The City of Bristol turned northward into the great channel of the Swin, keeping close to the lightships on the left, so close that Warrisden from the bridge could look straight down upon their decks. The night had altogether come — a night of stars. Clusters of lights, low down upon the left, showed where the towns of Essex stood; upon the light hand the homeward-bound ships loomed up ghost-like and passed by; on the right, too, shone out the great green globes of the Mouse light like Neptune’s reading-lamps. Sheltered behind the canvas screen at the corner of the bridge Warrisden looked along the rake of the unlighted deck below. He thought of Pamela waiting for his return at Whitewebs, but without impatience. The great peace and silence of the night were the most impressive things he had ever known. The captain’s voice complaining of the sea jarred upon him.
“It’s no Bobby’s job,” said the captain in a low voice. “It’s home once in three weeks from Saturday to Monday, if you are in luck, and the rest of your time you’re in carpet slippers on the bridge. You’ll sleep in my chatoo, to-night. I sha’n’t turn in until we have passed the Outer Gabbard and come to the open sea. That won’t be till four in the morning.”
Warrisden understood that he was being offered the captain’s cabin.
“No, th
anks,” said he. “The bench of the saloon will do very well for me.”
The captain did not press his offer.
“Yes; there’s more company in the saloon,” he said. “I often sleep there myself. You are bound for the Mission ship, I suppose?”

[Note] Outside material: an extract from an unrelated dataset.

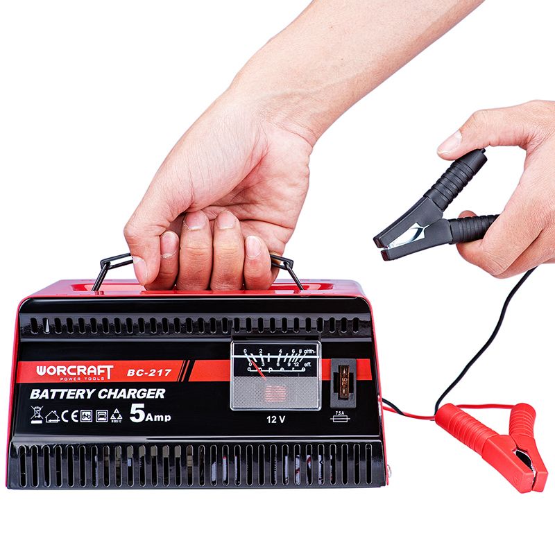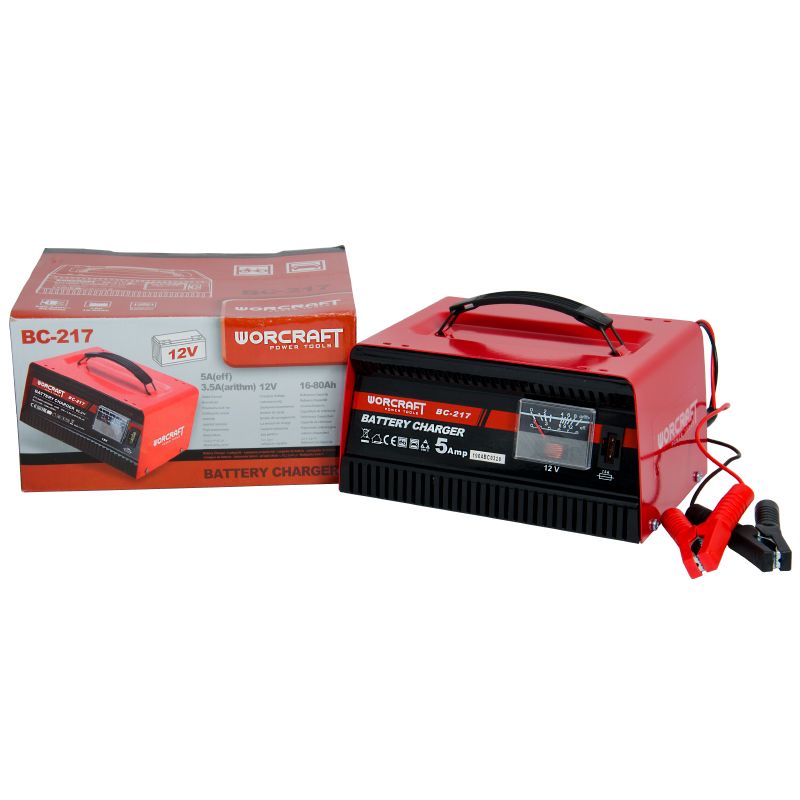 Зарядное устройство WORCRAFT ВС-217 предназначено как для частичной, так и полной зарядки свинцово-кислотных аккумуляторных батарей (автомобилей, моторных лодок и т.п.) напряжением 12 В и емкостью от 16 до 80 Ач.

“No; I want to find a man on the trawler Perseverance.”
The captain turned. Warrisden could not see his face, but he knew from his attitude that he was staring at him in amazement.
“Then you must want to see him pretty badly,” he commented. “The No’th Sea in February and March is not a Bobby’s job.”
“Bad weather is to be expected?” asked Warrisden.
“It has been known,” said the captain dryly; and before the lights of the Outer Gabbard winked good-bye on the starboard quarter at four o’clock in the morning, the City of Bristol was taking the water over her deck.
Warrisden rolled on the floor of the saloon — for he could not keep his balance on the narrow bench — and tried in vain to sleep. But the strong light of a lamp, swinging from the roof, glared upon his eyes, the snores of his companions trumpeted in his ears. Moreover, the heat was intolerable. Five men slept in the bunks — Warrisden made a sixth. At four in the morning the captain joined the party through his love of company. The skylight and the door were both tightly closed, a big fire burned in the stove, and a boiling kettle of tea perpetually puffed from its spout a column of warm, moist steam. Warrisden felt his skin prickly beneath his clothes; he gasped for fresh air.
Living would be rough upon the fish-carrier, Chase had told him; and rough Warrisden found it. In the morning the steward rose, and made tea by the simple process of dropping a handful of tea into the kettle and filling it up with water. A few minutes later he brought a dish of ham and eggs from the galley, and slapped it down on the table.
“Breakfast,” he cried; and the five men opened their eyes, rubbed them, and without any other preparation sat down and ate. Warrisden slipped up the companion, unscrewed the skylight and opened it for the space of an inch. Then he returned.